Write out nothing but the lines from the one containing "Μετά μπαίνουν 2" through the last line below, both included, and without the pictures.

↓↓↓

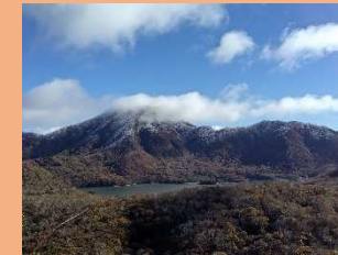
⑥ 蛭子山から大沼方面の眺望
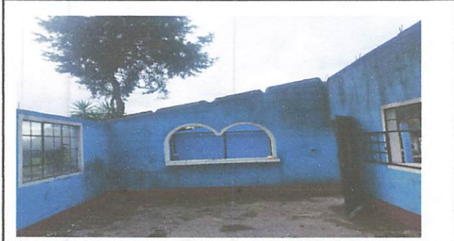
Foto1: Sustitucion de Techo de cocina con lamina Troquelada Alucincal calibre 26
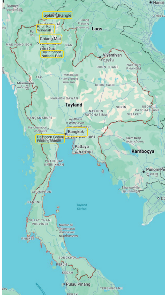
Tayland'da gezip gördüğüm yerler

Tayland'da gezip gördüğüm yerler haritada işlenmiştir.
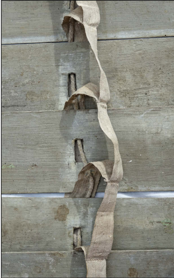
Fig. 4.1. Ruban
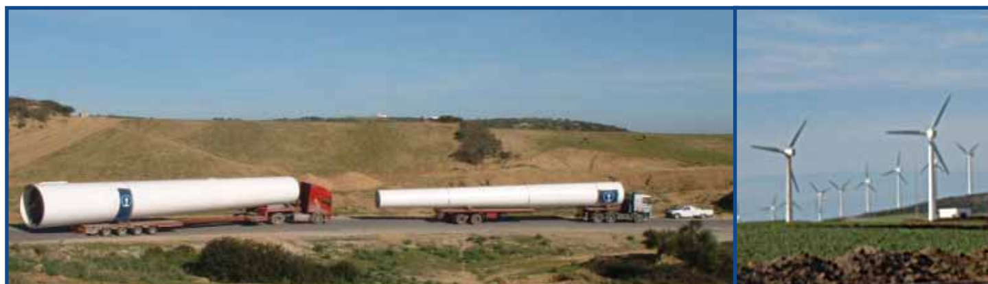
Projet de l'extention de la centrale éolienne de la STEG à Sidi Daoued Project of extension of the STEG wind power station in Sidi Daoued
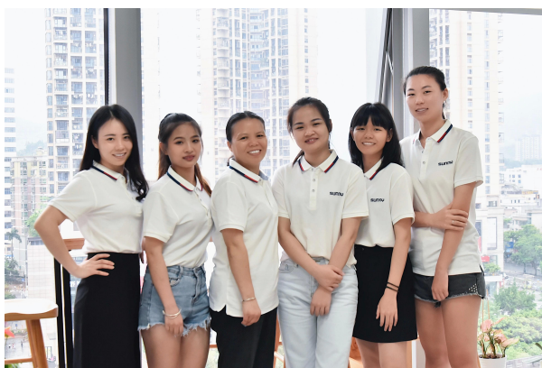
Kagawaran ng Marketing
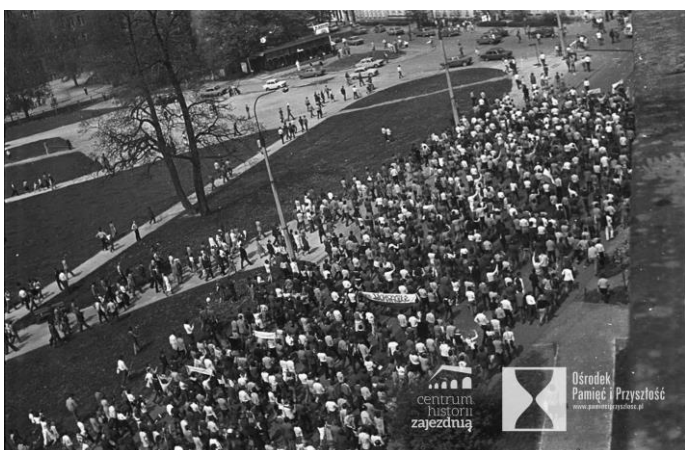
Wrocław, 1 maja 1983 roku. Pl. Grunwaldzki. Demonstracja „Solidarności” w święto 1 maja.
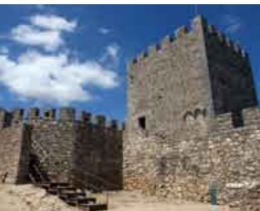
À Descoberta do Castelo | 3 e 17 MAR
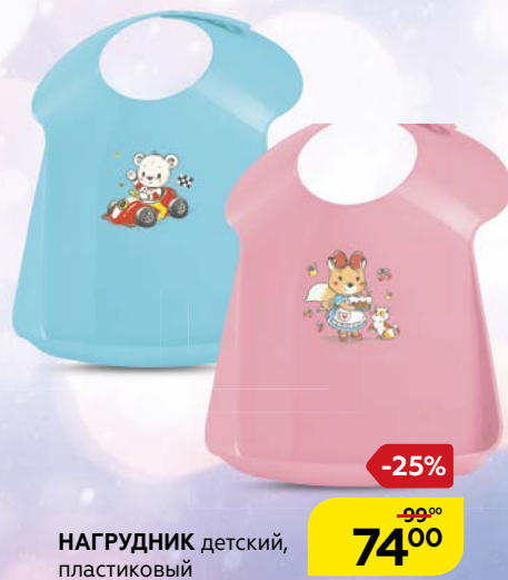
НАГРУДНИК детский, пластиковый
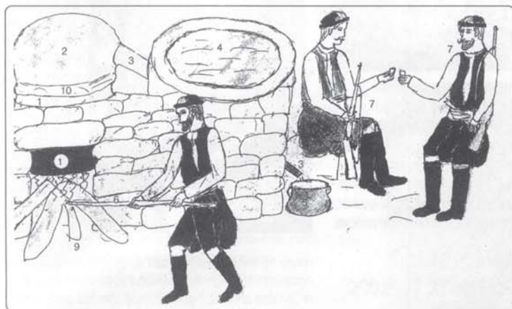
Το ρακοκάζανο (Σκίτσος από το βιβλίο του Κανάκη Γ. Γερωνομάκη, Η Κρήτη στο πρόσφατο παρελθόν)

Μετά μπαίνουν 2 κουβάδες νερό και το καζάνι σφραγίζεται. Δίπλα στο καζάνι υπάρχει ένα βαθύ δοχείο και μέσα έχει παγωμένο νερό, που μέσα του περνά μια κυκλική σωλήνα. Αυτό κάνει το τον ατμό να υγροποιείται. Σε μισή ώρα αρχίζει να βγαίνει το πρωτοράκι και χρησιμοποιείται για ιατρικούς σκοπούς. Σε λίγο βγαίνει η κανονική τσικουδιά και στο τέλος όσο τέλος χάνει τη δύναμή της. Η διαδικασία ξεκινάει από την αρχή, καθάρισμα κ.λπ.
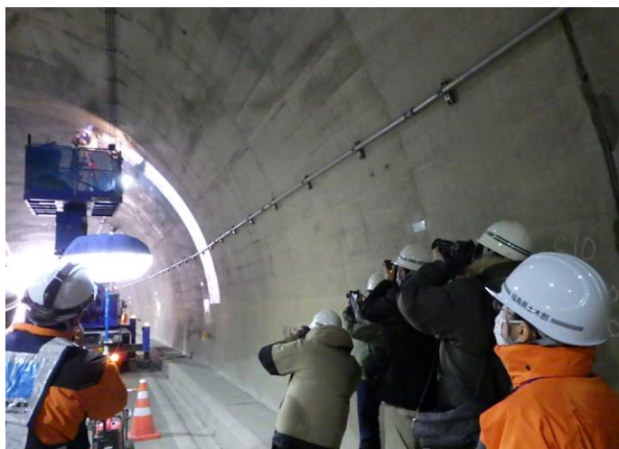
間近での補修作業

↑↑↑

OUTPUT OF THE EXERCISE:
Μετά μπαίνουν 2 κουβάδες νερό και το καζάνι σφραγίζεται. Δίπλα στο καζάνι υπάρχει ένα βαθύ δοχείο και μέσα έχει παγωμένο νερό, που μέσα του περνά μια κυκλική σωλήνα. Αυτό κάνει το τον ατμό να υγροποιείται. Σε μισή ώρα αρχίζει να βγαίνει το πρωτοράκι και χρησιμοποιείται για ιατρικούς σκοπούς. Σε λίγο βγαίνει η κανονική τσικουδιά και στο τέλος όσο τέλος χάνει τη δύναμή της. Η διαδικασία ξεκινάει από την αρχή, καθάρισμα κ.λπ.
間近での補修作業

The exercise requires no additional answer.